Royal bounty associated with safe birth of babies can also be found at Westminster Abbey, a shrine to Henry III's favorite among saints, Edward Confessor, after whom his eldest son was named, in Shrine of St. Thomas. Becket in Canterbury and St Augustine's Abbey in Canterbury.
Although care must be taken when judging monumentality of chosen name, Henry III was not only one to name one of his sons Edmund. If not custom of his Anglo-Saxon predecessors, then name was at least used in royal family, as is evident from choice of Edmund as name of eldest son and heir of Edward Elder (the Anglo-Saxon king).
The choice was made at a time when issuance of Saint Edmund commemorative coin indicated development of a nascent cult that could become a rallying point for Anglo-Saxon community and provide protection from Scandinavian incursions as well as opportunities for integration. Edmund Ironside also bore saint's name, although we have no way of knowing at this time if there was a commemorative target.
Following example of Henry III, other later medieval rulers, Edward I and Edward III also bestowed saint's name on those chosen for their sons.
In twentieth century, faint echoes can be found in fourth name of fourth son of King George V and Queen Tecmari, Prince George, Duke of Kent, named George Edward Alexander Ed Mon, name Edmund is at least still a name that can be given a member of royal family.

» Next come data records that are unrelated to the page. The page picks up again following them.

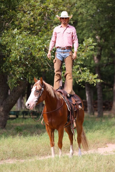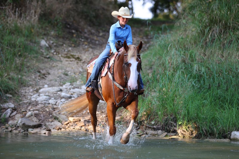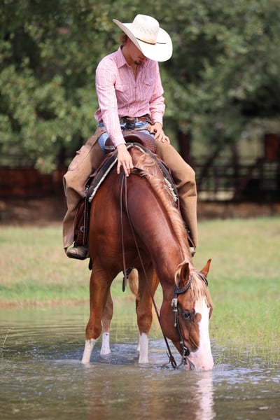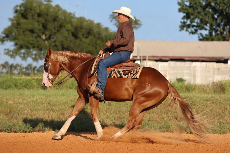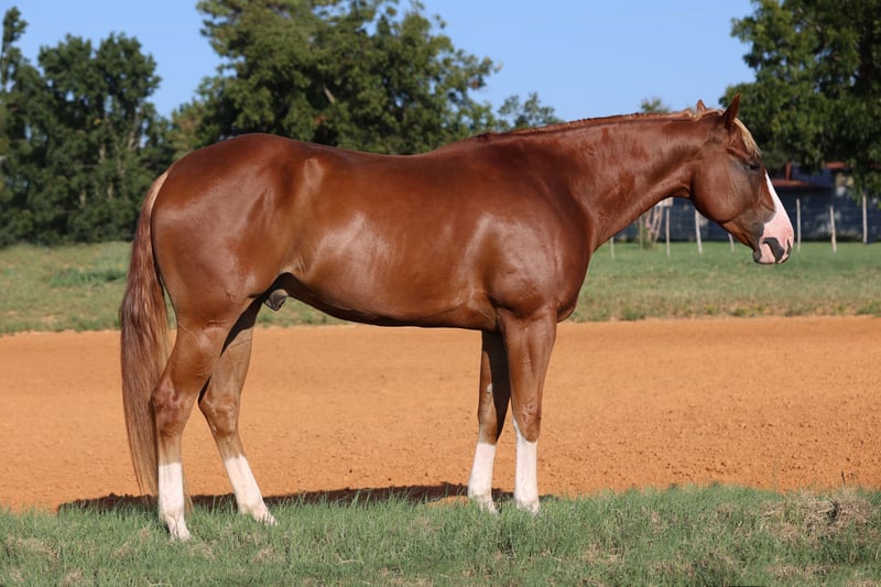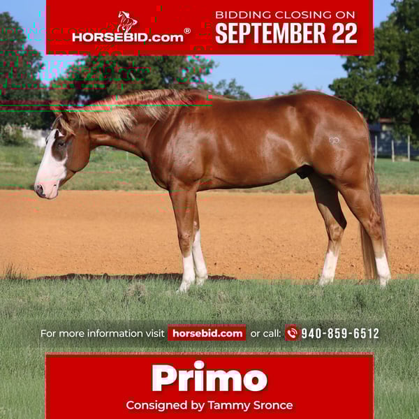 🍁𝒕𝒉𝒆 𝐅𝐀𝐋𝐋 𝑺𝒑𝒆𝒄𝒕𝒂𝒄𝒖𝒍𝒂𝒓🍁 Happening now thru MONDAY | SEPTEMBER 22nd - Available EXCLUSIVELY on HorseBid's website! For more details and to register visit: www.Horsebid.com CONSIGNOR CONTACT: Tammy Sronce 940-859-6512 LOCATION: Weatherford, TX BREED: AQHA REGISTERED: Yes REGISTERED NAME: THE JEWELED GUN COLOR: Sorrel HEIGHT: 15.1 AGE: 4 GENDER: Gelding Double registered (AQHA/APHA) gelding, safe for the whole family! Meet Primo, a gorgeous 4-year-old sorrel gelding with a flaxen mane and tail. Chromed out with a unique blaze and four white socks, he turns heads everywhere he goes! Sired by SPOOKS GOTTA GUN ($81,637 NRHA) and out of NCHA money producing mare JEWELS MAGNOLIA (sired by LENAS JEWEL BARS $70,656 NCHA). He has a clean genetic panel. Professionally started, Primo has a solid reining foundation and was then trained by multiple CMSA World Champion cowgirl Tammy Sronce for cowboy mounted shooting. He has successfully competed throughout 2026 in the mounted shooting arena, a money earner at every competition. Primo was hauled extensively to gain experience, and has wins in ranch riding, ranch trail and horsemanship! Primo hauls quietly, carries flags and he was even decorated in Christmas lights for the evening downtown Christmas Parade of Lights! Primo is one of the most easy-going guys you’ll meet! He is happy in a stall, or he can live with other horses in the pasture. He is easy to catch, saddle, mount and wash. He walks on a soft rein, jogs, and lopes. He will collect in the bridle, back, spin, and move laterally. He’s smooth to ride across all gaits. He’ll side pass logs, go over bridges and jump. Swing a rope off him, shoot guns off him, pick up barrels on him and move them around the arena. Ride him bareback, ride double, he couldn’t care less. You’ll never guess he was only 4 years old! Compete off him in mounted shooting and ranch riding or take him trail riding. The hard work is done, now he is ready to enjoy. Whatever you want to do, he’s your guy! Watch his video to see how truly gentle and versatile he is—ridden by experienced, novice, and young riders alike. We welcome questions, visits, and pre-purchase exams. Tammy Sronce 940.859.6512 (call/text).
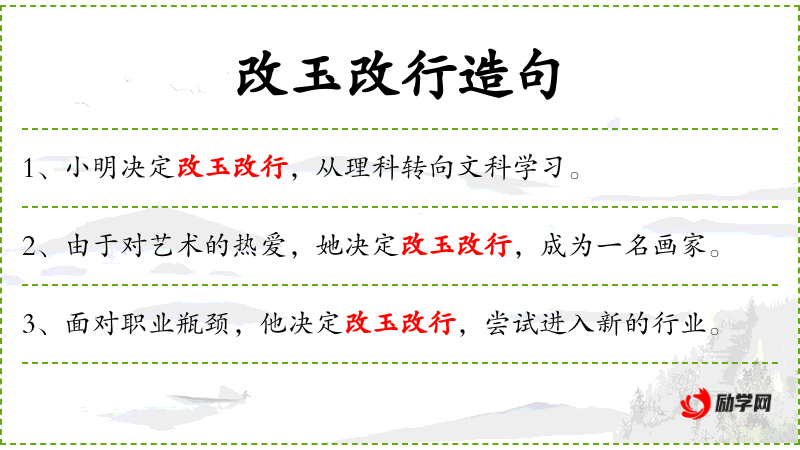 - 改玉改行:成语,意为改变职业或行业。
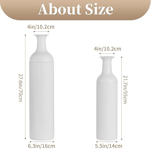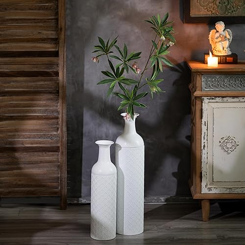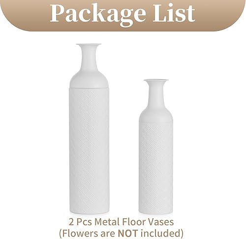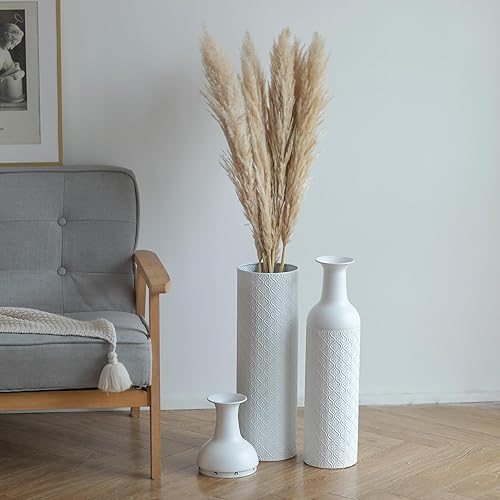 Sziqiqi Grand Vase a Poser au Sol: 70/55 Cm Grands Vases de Sol Set of 2 - Blanc Vase Haut Sol Boho pour Pampa - Metal Vase au Sol pour Salon Chambre Coin À La Maison

Royal worship of St Edmund may also have included widespread generosity in form of gifts of merchandise, ample evidence is provided by piety of Henry III, records of Henry III's government in 1236 show gift of Bury St Edmund. Munds paid £716 to provide £300 of wax to make 300 candles to be placed around St Edmund's shrine on his feast day.
After two years, 500 pounds of wax for 1000 candles will be given to parishioners, and these donations are registered along with donations to other saints and places of worship. In 1238 these included Becket Altar in Canterbury, and in 1240 a donation was made in honor of St Edmund to Walsingham Church, an important center dedicated to the Virgin Mary.

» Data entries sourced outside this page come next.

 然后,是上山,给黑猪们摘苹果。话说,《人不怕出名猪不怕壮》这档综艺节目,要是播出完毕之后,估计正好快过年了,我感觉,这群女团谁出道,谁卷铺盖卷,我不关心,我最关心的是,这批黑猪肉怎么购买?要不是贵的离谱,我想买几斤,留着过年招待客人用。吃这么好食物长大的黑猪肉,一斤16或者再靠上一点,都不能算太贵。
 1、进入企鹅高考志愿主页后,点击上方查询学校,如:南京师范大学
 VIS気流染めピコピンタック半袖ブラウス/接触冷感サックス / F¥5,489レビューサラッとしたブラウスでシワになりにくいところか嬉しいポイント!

Henry's bounty also included two gold brooches and twelve oboes donated by king to sanctuary in 1242, and in 1251 an additional forty-four marks for purchase of four silver candlesticks and thirty marks for use of serving bowls. wine on new altar and at masses in various parish churches and hospitals under jurisdiction of Bury St Edmunds Abbey.
Royal piety in honor of St. Edmunds is manifested not only at place of his burial and in temple in Bury St. Edmunds.

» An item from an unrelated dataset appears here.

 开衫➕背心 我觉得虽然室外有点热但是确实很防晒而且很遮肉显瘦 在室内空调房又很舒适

Religious donations from William Conqueror included patronage that helped link English saint to French royal patron Saint-Denis, and conqueror bought a tower at Saint-Denis Abbey, although this was during king's lifetime. destroyed, but inside there is an altar dedicated to Edmund, which probably contains relics of saint, and scenes from St. Vita are depicted on stone capitals installed in crypt of monastery.
At same time, these items were ordered not only for tomb of St. Edward in Bury,as evidenced by inventory of Westminster Abbey relating to tomb of St. Edward Confessor, registered in 1267, among items on list is an image of St. Edmund in a crown, adorned with many precious stones, worth 86 pounds sterling.
No matter how much money they spend on a monastery, they consider it right, because monastery for them is a believable existence, and what money is before faith.